• "devrimciliğin ilk sınav sorusu.".
  • ne yapmalı?

    "bugüne kadar sürdürdüğüm gibi, çevremdeki kişilerin davranış ve tutumlarını bilinçsiz bir aldırmazlıkla benimseyerek bu renksiz, kokusuz varlıkla yetinmeli mi; yoksa, başkalarından farklı olan, başkalarının istediğinden çok farklı, köklü bir eylem isteyen gerçek bir insan gibi bu miskin varlığı kökten değiştirmeli mi?"

    oğuz atay, tutunamayanlar, s. 93.
  • can dündar ve oğuz atay dışında, bir de lenin diye bir adam bu başlıkta yazmış. onu da es geçmeyelim...

    http://www.kurtuluscephesi.com/…enin/neyapmali.html
  • oguz atayin tutunamayanlar kitabinda yer alan ve kucuk burjuvazinin ve aydin milletinin acmazlarini, sorunlarini, ozelestirisini, bokunu, pusurunu inceleyen bolum.
  • madem liste çıkarıyoruz, ali şeriati ve mustafa islamoğlu'nu da zikretmeden geçmeyelim.
  • (bkz: v. i. lenin)
  • "ne yapmalı? diye ancak arzusu sönen sorar." (lacan)
  • eğer bu soruya cevap arıyorsan, öncelikle bu başlığın ilk entry'sine bak. ontolojik olarak o kadar anlamlı olmuş ki. tutunamayanlar'ı oku demeyeceğim, sadece şunu soracağım. bu soruyu kendi başına naifçe sorarken ben soru üzerine düşünmeni bozup sana şunu soracağım bu satırları okuyorsan eğer;

    bugün tam şu anda okeye dördüncü bulabilir misin? sorum net, bugün şu anda, telefon açıp dört kişi bulabilir misin? cevabın "ya bazıları gelir, bazıları gelmez..." ise, o zaman sen, "haydi koş" dediğinde dört kişiyi nasıl bulacaksın?

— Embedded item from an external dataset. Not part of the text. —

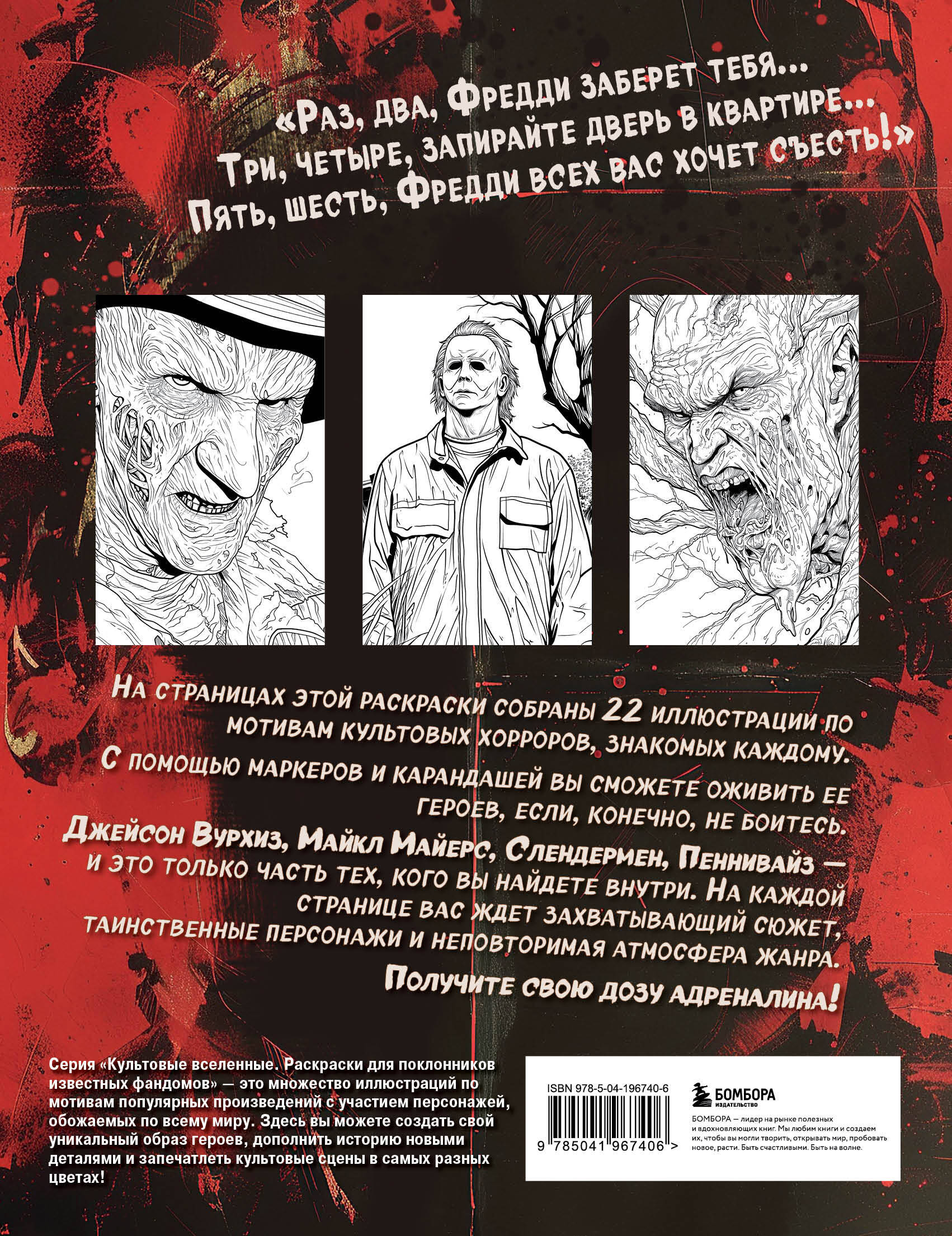 Улучшенное переиздание бестселлера! Всем любителям пощекотать нервы посвящается. Кровавые и ужасные герои культовых киновселенных ждут вас на каждом развороте этой хоррор-раскраски. Пеннивайз, Джейсон Вурхиз, Фредди Крюгер и другие твари, выползающие прямо со страниц! А вот и злобный клоун, какой будет цвет его костюма - решать только вам. Оживите персонажей этой раскраски с помощью карандашей и фломастеров и получите свою дозу адреналина! Идеально подойдет: - для поклонников хорроров; - для тех, кто хотел попробовать себя в роли художника по костюмам будущего фильма ужасов; - для тех, кто не боится творить, используя все: ручки, фломастеры, карандаши или краски.| Издательство | ООО "Издательство "Эксмо" |
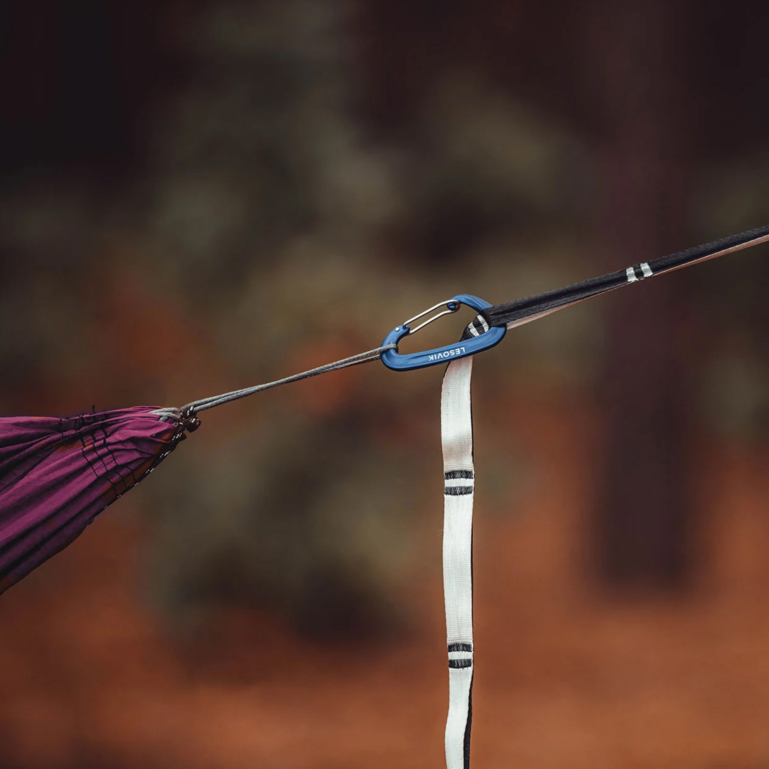 Wraz z hamakiem otrzymasz w pakiecie bezwęzłowy i uniwersalny system zawieszenia hamaka SNEKA. Przyspiesza on i ułatwia zawieszenie hamaka po zmroku oraz ze zmarzniętymi rękami. Dzięki pozbyciu się konieczności klasycznego wiązania, zostało zniwelowane do zera ryzyko niepewnego zawieszenia hamaka. Co więcej umożliwia ono pewien zakres regulacji nawet po zawieszeniu, co ułatwia dokładne dopasowanie noclegu do osobistych preferencji.

    tutunamayanlar güzel kitap, okumuş kesimin açmazları da pek de değişmedi, hatta daha da kötüleşti. bu garip tüketim çağında her değerin buharlaştığını görüyoruz. değerler buharlaşınca, senin bir birey olarak mikro düzeydeki ilişkilerin de etkileniyor. bir partner bulmakta zorlanıyorsun, bir arkadaş bulmakta ya da dost edinmekte, dahası eskiden yani babanın dedenin sahip olduğu o mahalli kolektif geleneksel ilişkiler de eriyor. ne kaldı? senin içinde bulunduğun dünyanın çarklarına karşı yapabileceğin ne var? işte bu soru, yani "şu anda okeye dördüncü bulabilir misin?" sorusu, senin içinde bulunduğun yaşamın içindeki sosyal etkinsizliğinin göstergesidir.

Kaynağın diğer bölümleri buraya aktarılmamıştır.